Aveva un gruppo di chimere ubriache fradice a cui pensare.
 
“Soldato, sono veramente furente con te! Che cosa ti salta in mente di stare tanto tempo fuori senza avvisare… e di non prendere nemmeno il cappotto?”
Fury arrossì colpevolmente, ma qualsiasi giustificazione che potesse rivolgere al tenente Hawkeye venne interrotta da un asciugamano che iniziò a venir frizionato con forza sui capelli bagnati.
“Signora – balbettò – posso pensarci io…”
“Taci e lascia fare! – sbottò Riza non ammettendo repliche – ci manca solo che ti asciughi male e peggiori il raffreddore che hai sicuramente in preparazione! Havoc! Che cosa stai mettendo in quel the?”
“Non lo correggiamo con whiskey? – chiese il biondo, fermandosi a metà strada con la fiaschetta – è un rimedio fantastico contro il raffreddore!”
“Sì, e poi avremmo Fury col naso libero, ma ubriaco… proprio un bel cambiamento!” sorrise sarcasticamente Breda, posando la giacca bagnata del compagno su una sedia vicino al caminetto.
“Passa a me, Havoc – fece il colonnello – dopo la preoccupazione che ci ha fatto prendere questo idiota ne ho proprio bisogno!”
“Signore, non dovrebbe bere! – si accigliò Riza – E poi, se vogliamo dirla tutta, se avesse evitato quella scenataccia per la radio rotta, Fury non avrebbe preso quest’iniziativa e…”
“Ah, ora è colpa mia? Suvvia, tenente!”
“Comunque, per tornare al problema principale, posso andare giù alla hall per chiedere se hanno qualcosa – disse pacatamente Falman – giusto a titolo preventivo. Tanto la febbre se deve salire lo farà solo tra qualche ora.”
Mentre tutti i suoi compagni si affaccendavano attorno a lui, non senza una notevole dose di rimproveri, Fury si sentì estremamente in colpa, ma anche sollevato.
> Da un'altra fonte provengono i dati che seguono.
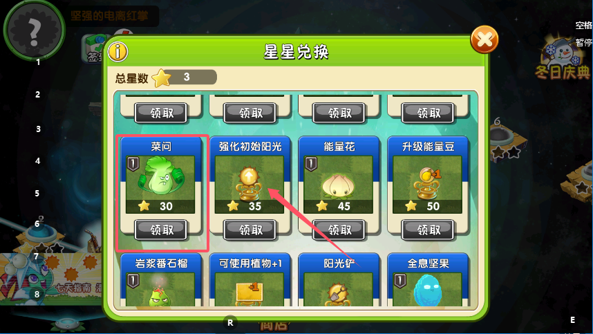 2、在星星兑换界面,查看总星数和每个道具的星星要求,例如“豌豆射手”需要4颗星星,当星数满足时,点击道具下方的“领取”键,就能拿到对应的植物或功能道具。

Anche se era una semplice stanza d’albergo, si sentiva come in un nido caldo e sicuro, circondato dalla sua meravigliosa famiglia.
L’incontro con quello strano signore di cui non sapeva nemmeno il nome stava già passando in secondo piano, obliato da quell’asciugamano che gli frizionava la chioma in maniera decisamente più dolce.
“Niente più sciocchezze simili, va bene soldatino?” mormorò Riza intercettando il suo sguardo e non riuscendo a reprimere un sollevato sorriso.
“Va bene, signora.” annuì lui.
Ed il volto di quello sconosciuto svanì completamente dalla sua mente.






________
nda
Nel 1912, ossia qualche anno prima degli eventi del manga, secondo i calcoli che ho sempre usato nelle mie fic, Fury ha diciotto anni (diciannove li compirà a settembre) ed il rango di soldato semplice.